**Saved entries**
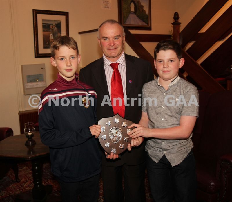 • Former North Antrim Treasurer Harry Connolly presents the Under 12 Championship cup to Oisins captain Shea McDonnell and the Under 10 Championship Cup to Patrick McIlwaine
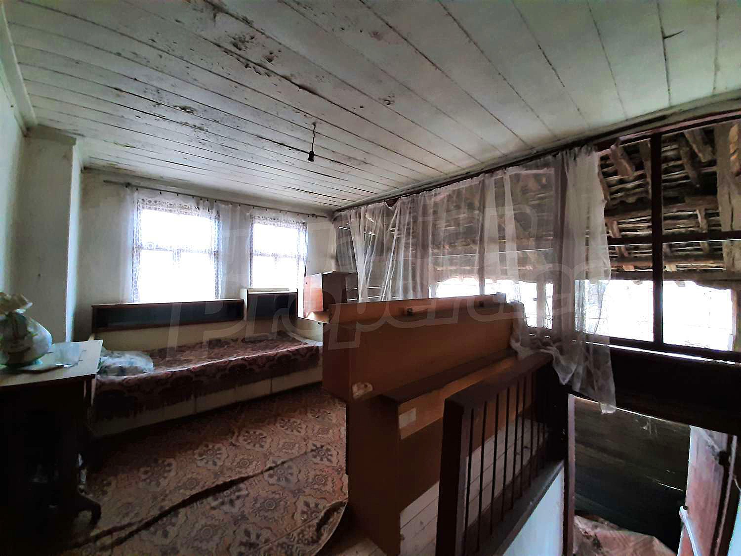Flooring - screed; walls - whitewashed; windows - old wooden frames. A
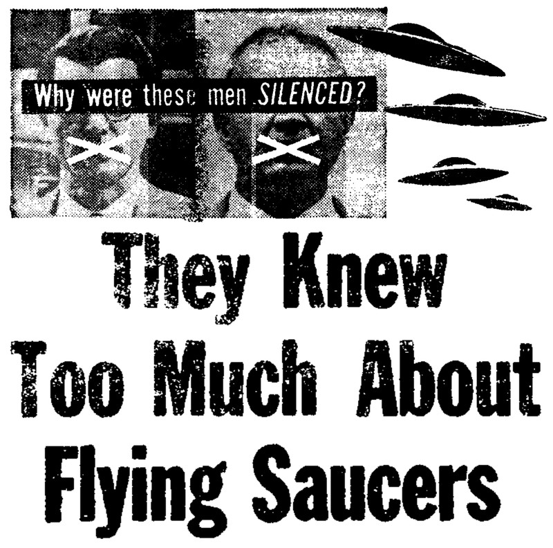 "They new too much about flying saucers."  From Flying Saucer News, 1958.
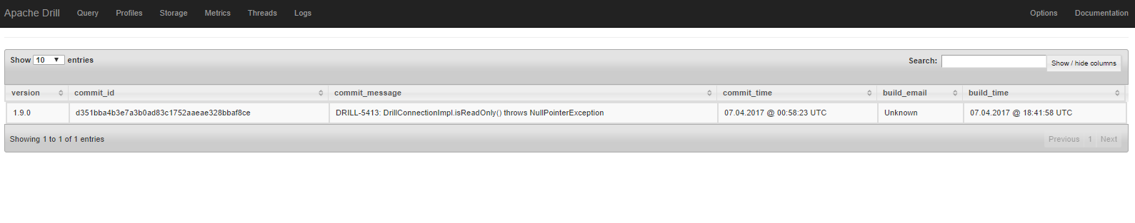 Make sure that we are using DRILL Server version which is newer or equal to following: (Earlier packages has a bug which will throw a 'NullPointerException' on DrillConnectionImpl.isReadOnly().
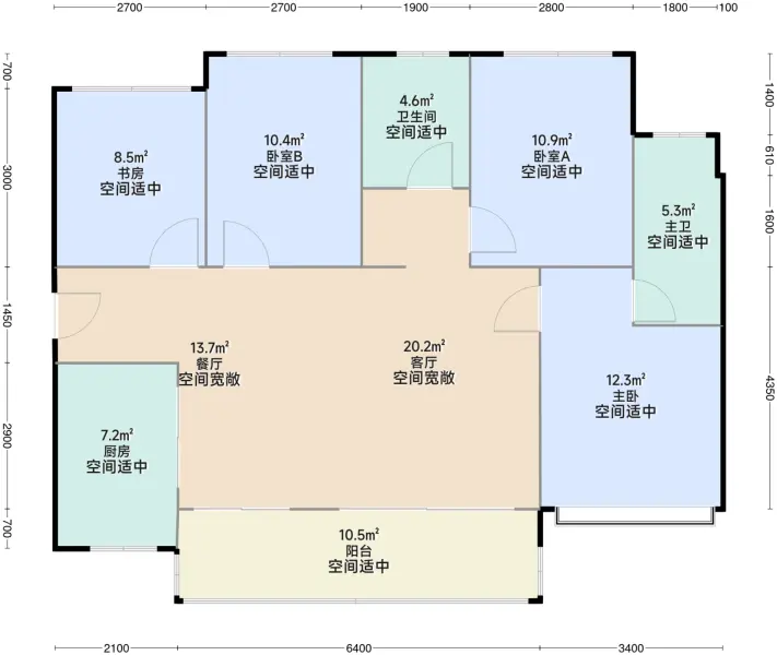 中山中山宝龙城4室2厅2卫1厨112.00㎡户型图-白菜导航

**Task goal**
The copy you write out must match the entries word for word, minus their pictures.

**Exercise answer**
 • Former North Antrim Treasurer Harry Connolly presents the Under 12 Championship cup to Oisins captain Shea McDonnell and the Under 10 Championship Cup to Patrick McIlwaine
Flooring - screed; walls - whitewashed; windows - old wooden frames. A
 "They new too much about flying saucers."  From Flying Saucer News, 1958.
 Make sure that we are using DRILL Server version which is newer or equal to following: (Earlier packages has a bug which will throw a 'NullPointerException' on DrillConnectionImpl.isReadOnly().
 中山中山宝龙城4室2厅2卫1厨112.00㎡户型图-白菜导航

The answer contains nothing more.